Variance is the square of the standard deviation. This means that the units of variance are much larger than those of a typical value of a data set.
Why do we used Variance ?
By Squairng the number we get non-negative computation i.e. Disperson cannot be negative.

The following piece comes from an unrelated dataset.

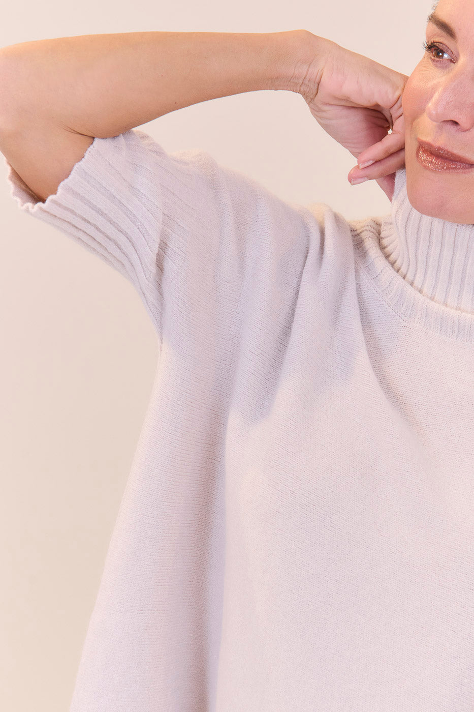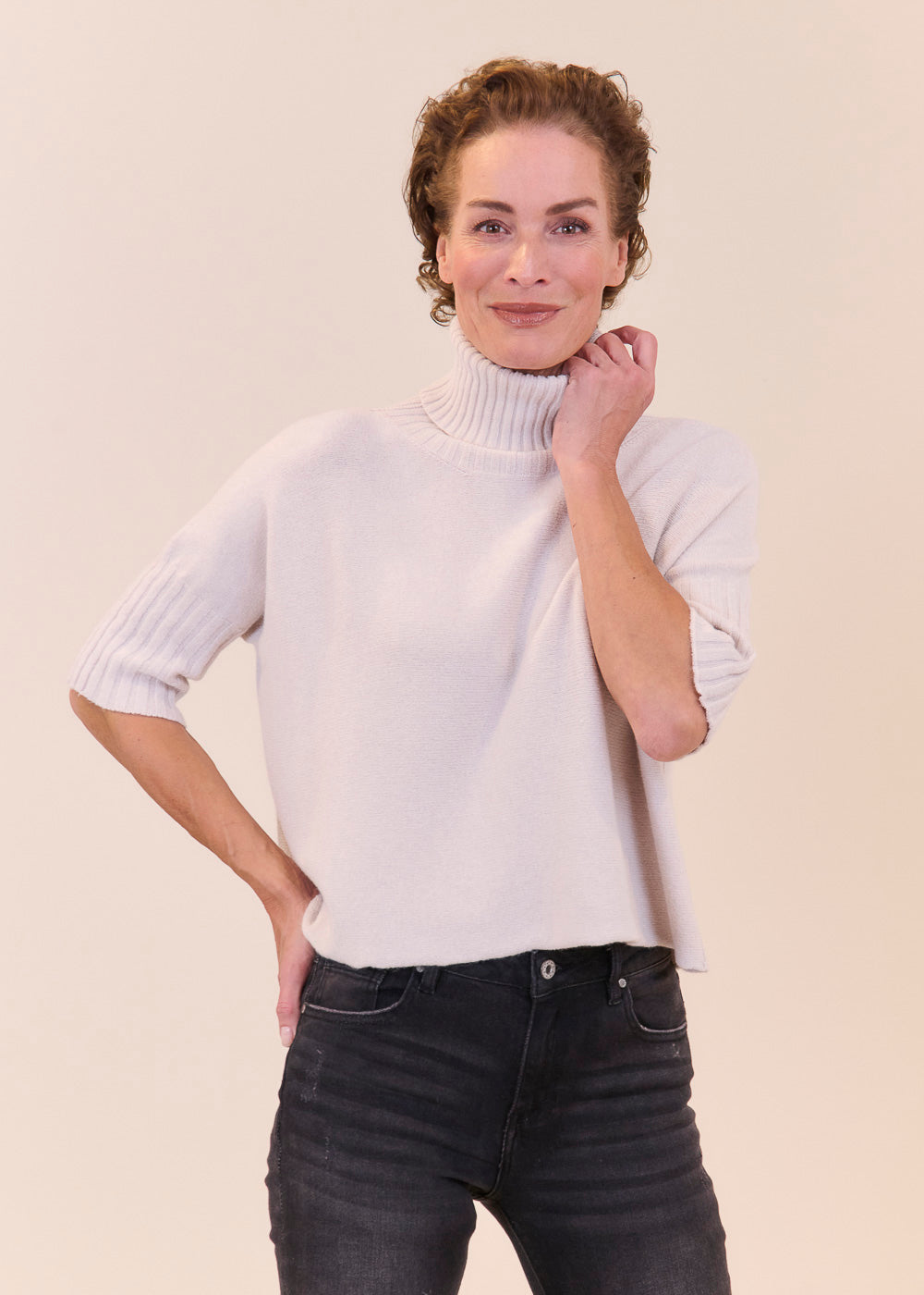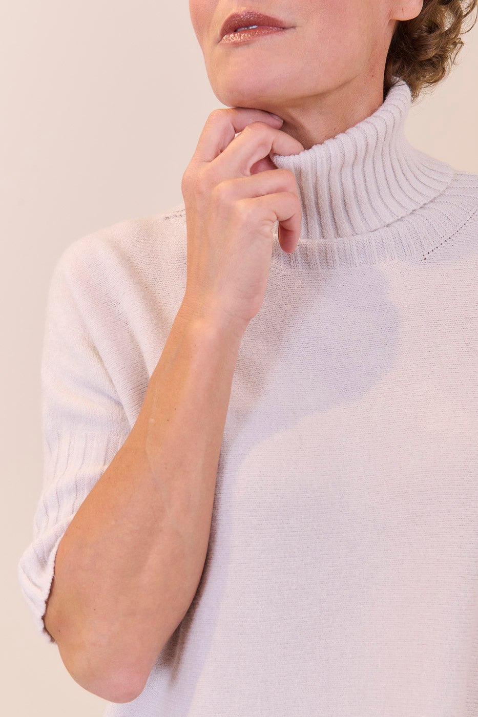 Kurz geschnittener Strickpullover mit Rollkragen aus unserem Kuschelgarn. Er hat ein Rippenbündchen am Kragen und an den Ärmeln. Mit kurz geschnittenen Armen.

The presence of variance is very important in your dataset because this will allow the model to learn about the different patterns hidden in the data
df.var()
latitude 1.399880e+01
longitude 5.014987e+02
labels 2.286964e-01
age_first_funding_year 6.302352e+00
age_last_funding_year 8.808489e+00
age_first_milestone_year 8.862869e+00
age_last_milestone_year 1.031763e+01
relationships 5.279150e+01
funding_rounds 1.934663e+00
funding_total_usd 3.596119e+16
milestones 1.749355e+00
is_CA 2.495071e-01
is_NY 1.017643e-01
is_MA 8.192657e-02
is_TX 4.348030e-02
is_otherstate 1.723560e-01
is_software 1.384362e-01
is_web 1.318158e-01
is_mobile 7.834962e-02
is_enterprise 7.291370e-02
is_advertising 6.272811e-02
is_gamesvideo 5.322172e-02
is_ecommerce 2.638054e-02
is_biotech 3.551796e-02
is_othercategory 2.188586e-01
has_VC 2.200008e-01
has_angel 1.899869e-01
has_roundA 2.502051e-01
has_roundB 2.386376e-01
has_roundC 1.788707e-01
has_roundD 8.983720e-02
avg_participants 3.514129e+00
is_top500 1.544901e-01
dtype: float64
We can also understand the Variance using the below function.
zero_cols = []
def var_cal(df,float64_lst):
cols = ['normal_value', 'zero_value']
zero_value = 0
normal_value = 0
for value in float64_lst:
rs = round(df[value].var(),6)
if rs > 0:
normal_value = normal_value + 1
elif rs == 0:
zero_value = zero_value + 1
zero_cols.append(value)
var_total_df = pd.DataFrame([[normal_value, zero_value]], columns=cols)
return var_total_df
var_cal(df, int64_lst)
var_cal(df, float64_lst)
zero_value -> Zero variance means that there is no difference in the data values, which means that they are all the same.
Measure central tendency
A measure of central tendency is a single value that attempts to describe a set of data by identifying the central position within that set of data. As such, measures of central tendency are sometimes called measures of central location. They are also classed as summary statistics.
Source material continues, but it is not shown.